My ex had given me a code name to protect my anonymity, but because there was so much work overlap, some people who knew me “in real life” recognized me or knew who I was already. After my ex was complaining about something or other — hyperbolically, I suspect — one of these people doxed me. “Doxing” basically means outing someone on the internet; publishing identifying details about them so that they can be found, generally with malicious intent. To be honest, I’m nervous even writing this, in case some of the pilers-on read it, put the pieces together, and decide to blackball me, professionally. Social media is not not real life; it has real-life consequences. The point is that really bad things can happen, even if your lover has undertaken to protect you with measures like anonymity.
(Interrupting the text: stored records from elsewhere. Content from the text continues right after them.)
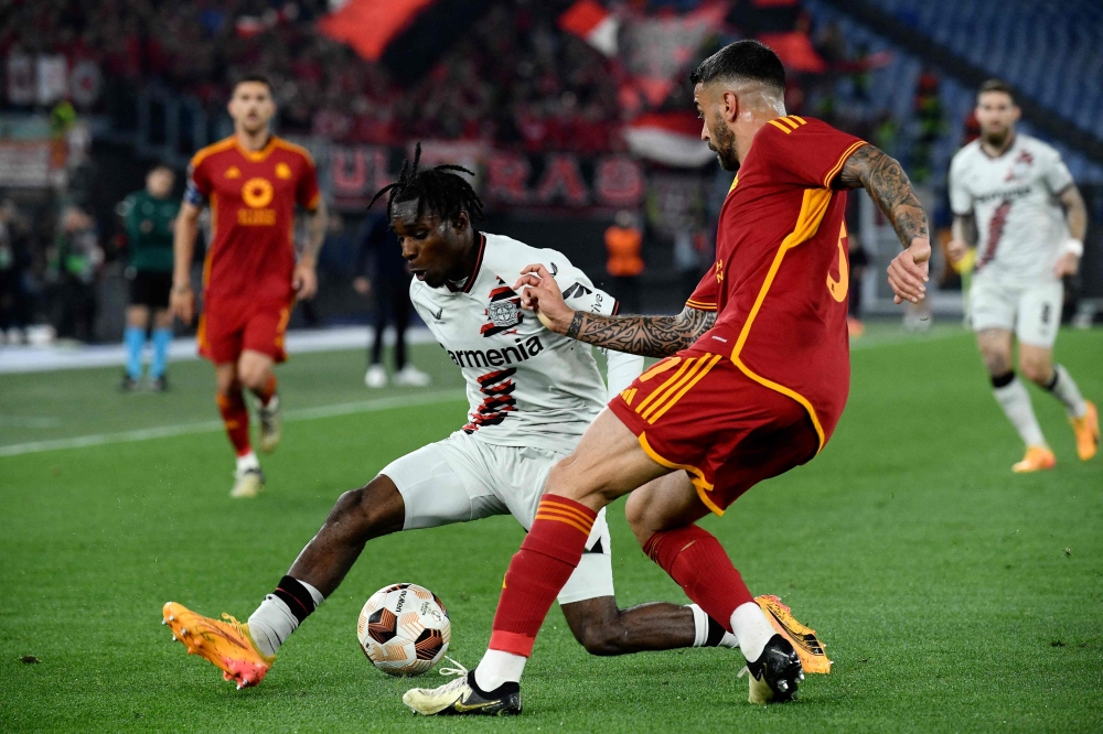 Roma's Italian defender #37 Leonardo Spinazzola fights for the ball with Bayer Leverkusen's Dutch defender #30 Jeremie Frimpong (L) during the UEFA Europa League semi final first leg football match between AS Roma and Bayer Leverkusen at the Olympic stadium on May 2, 2024 in Rome. (Photo by Filippo MONTEFORTE / AFP)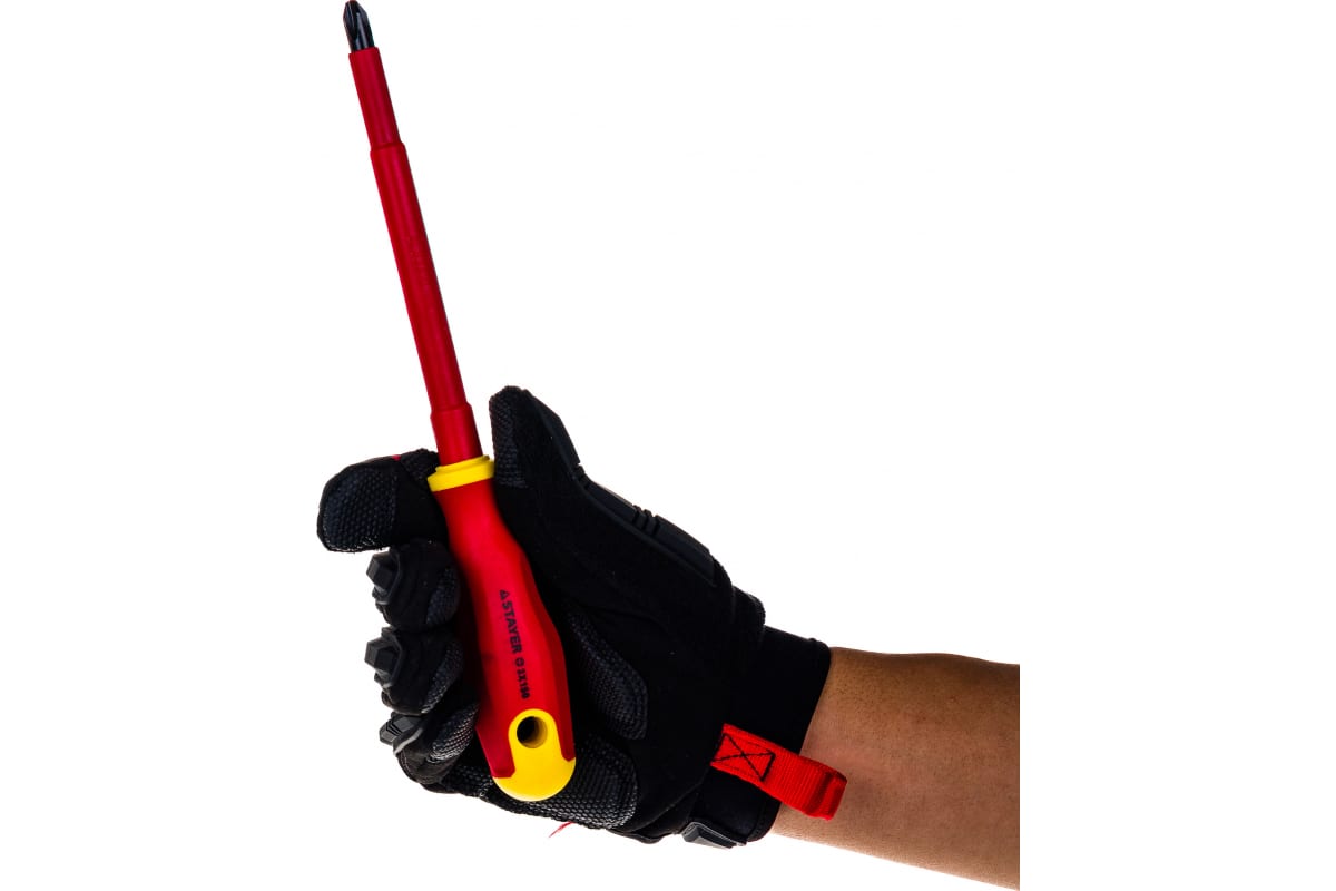 Диэлектрическая отвертка PH № 3 х 150 мм STAYER 25142-3-15_z01 благодаря изоляционному материалу может использоваться при работе под напряжением до 1000 Вт. Удобству способствует противоскользящая рукоятка. Стержень выполнен из Cr-V стали, что дает гарантию долгого срока службы инструмента. Крестообразная рабочая часть намагничена для облегчения работ с мелкими болтами.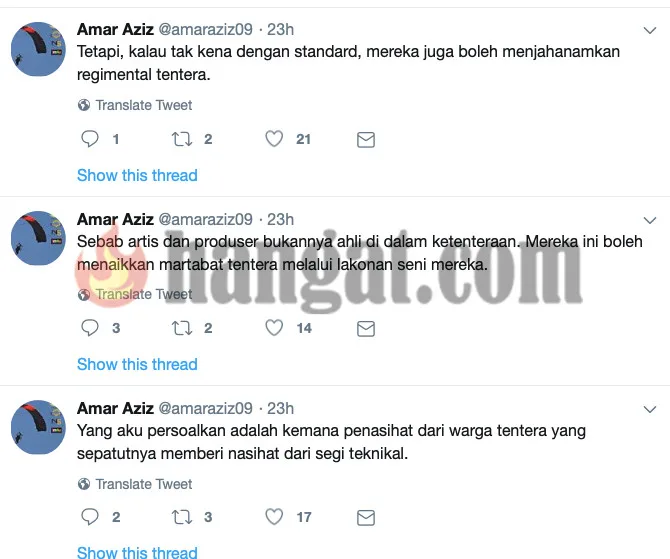 Isu tersebut tercetus apabila seorang netizen di laman Twitter yang dikenali sebagai Amar Aziz yang juga seorang anggota tentera menegur cara pemakaian baju seragam pasukan tentera yang dipakai oleh pelakon-pelakon Leftenan Zara yang dilihat seolah-olah serba tidak kena.

As the late, great Mac Miller says: That’s on me. I wish I had thought about the potential consequences of dating across structural differences; I wish I had set clear boundaries and expectations about social media exposure within such a relationship; I wish I had a thicker skin about violence from other queers. But all that is why I’m writing this blog post. Please do as I say, and not as I have done. I’ve said it before, and I will still die on this hill: One of the best things about queer relationality is that we get to learn — intimately, familialy — from each other’s experiences, including our mistakes. Keep structural power in mind, protect yourself, and be kind on the interwebs.

 

Margaret Speer is a Ph.D. candidate in English at the University of California, Irvine, where she runs the Queer Theory Reading Group, an events series and reading group. She has published on materialist feminism, situational identity categories, and contemporary trans politics. She lives in Long Beach, California and hails originally from Rochester, New York.